Yugoslavia!YUGOSLAVIA: Tajci – Hajde Da Ludujemo (1990)
Representing the participant diaspora, because there are research limits. Like Bardo, Tajci went in to bat for the hosts only to finish seventh. Europe, you just weren’t ready for the Croatian Wendy James.


  1. George White

    May 5, 2014 at 1:23 pm

    Sheeba or as “mam refers to them, Marion the circus ringmistress, Maxi and the other one dressed in Star Trek floozy outfits”.

  2. George White

    May 5, 2014 at 1:34 pm

    Are you fans of Dustin the Turkey? I once chatted to him when I was 11 on his show via phone, trying to tell him that the reason they couldn’t see a pirate television broadcasting duck named Martin on the tv behind them was whenever they turned their head away from him, he appeared on the telly, but when they looked at it, he was gone .

  3. ATV

    May 5, 2014 at 1:54 pm

    Sheeba had a member called Maxi, who before this represented Ireland on her tod in 1973 singing “Do I Dream?”

    She was also the member of another trio named.. Maxi, Dick and Twink.

    Not to be confused with gay porn, oh no.

  4. George White

    May 5, 2014 at 5:22 pm

    Although Sheeha IMO are dressed more like Ming the Merciless’ handmaidens, eg Suzanne Danielle and after the clothesswap Dale.

  5. Liam

    May 8, 2014 at 1:40 pm

    I’m guessing choosing Jahn Tiegen for Norway would have been too predictable?
    Likewise Fredi and Friends for Finland?

  6. George White

    May 8, 2014 at 9:13 pm

    Or good old Red with When for the OIRE

  7. George White

    May 8, 2014 at 9:15 pm

    Is one of Anna Vissi’s backing singers Nadim Sawalha?

  8. borgduck

    May 31, 2014 at 5:48 pm

    I’ve been glued to a couple of these half the afternoon! I’m literally embarrassed. Cast your eyes & ears away!
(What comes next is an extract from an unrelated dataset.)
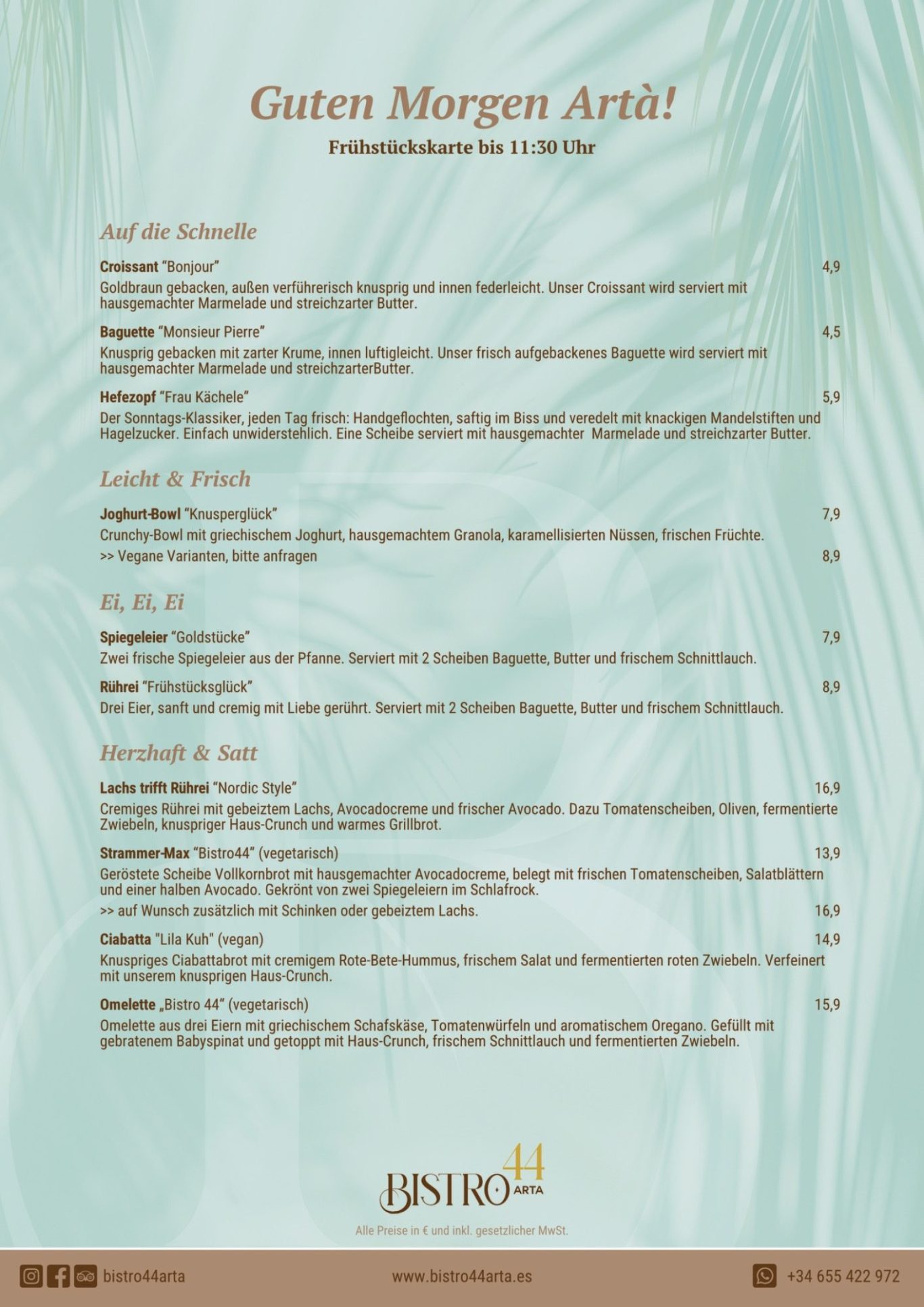 Starten Sie entspannt in den Tag mit einem liebevoll zubereiteten Frühstück im Bistro44. Ob knuspriges Croissant mit hausgemachter Marmelade, cremige Joghurt-Bowls oder herzhafte Klassiker wie Rührei, Strammer Max und Omlette – bei uns beginnt der Morgen frisch, genussvoll und ganz ohne Eile. Genießen Sie Ihr Frühstück im Herzen von Artà.

The Sirens!

  9. Martin

    June 24, 2014 at 3:25 pm

    The one I remember most is Gitte Haenning: who sang the 1973 (I think) entry for Germany, ‘Junger Tag (English: Hello Today)’

  10. Redhairkid

    June 27, 2014 at 2:30 pm

    I absolutely LOVE Tomas Ledin! My celebrity crush for the past 34 years.

  11. George White

    July 26, 2014 at 10:44 am

    Twink, Maxi’s partner is an annoying Irish comedienne/singer/presenter, who has become known for being drunk on the Late Late Show. She was in Taffin, but maybe I shouldn’t be living here.

  12. Hellwyck

    August 24, 2014 at 3:58 pm

    Lordi, anyone?

  13. Glenn A

    October 12, 2014 at 6:11 pm

    Sad news about Lynsey de Paul, whose 1977 entry was one of the best ever and I still remember Ronnie Hazelhurst conducting the orchestra in a bowler hat. Indeed Lynsey is one of the most TV Cream of pop stars, entering the Eurovision at the height of its popularity, scoring a big hit with the theme tune to No Honestly, making a record with Ed Stewart, and appearing on everything from The Two Ronnies to New Faces.

  14. George White

    February 14, 2015 at 7:10 pm

    Where’s Netherlands 1974 contestants Mouth (I can’t believe it’s not Roy Wood) and MacNeal…

  15. redhairkid

    September 27, 2019 at 1:47 am

    Tomas Ledin was not strictly an Abba protege as he had his own career, starting in 1972, which continues to this day. His latest incarnation is as a bluegrass singer.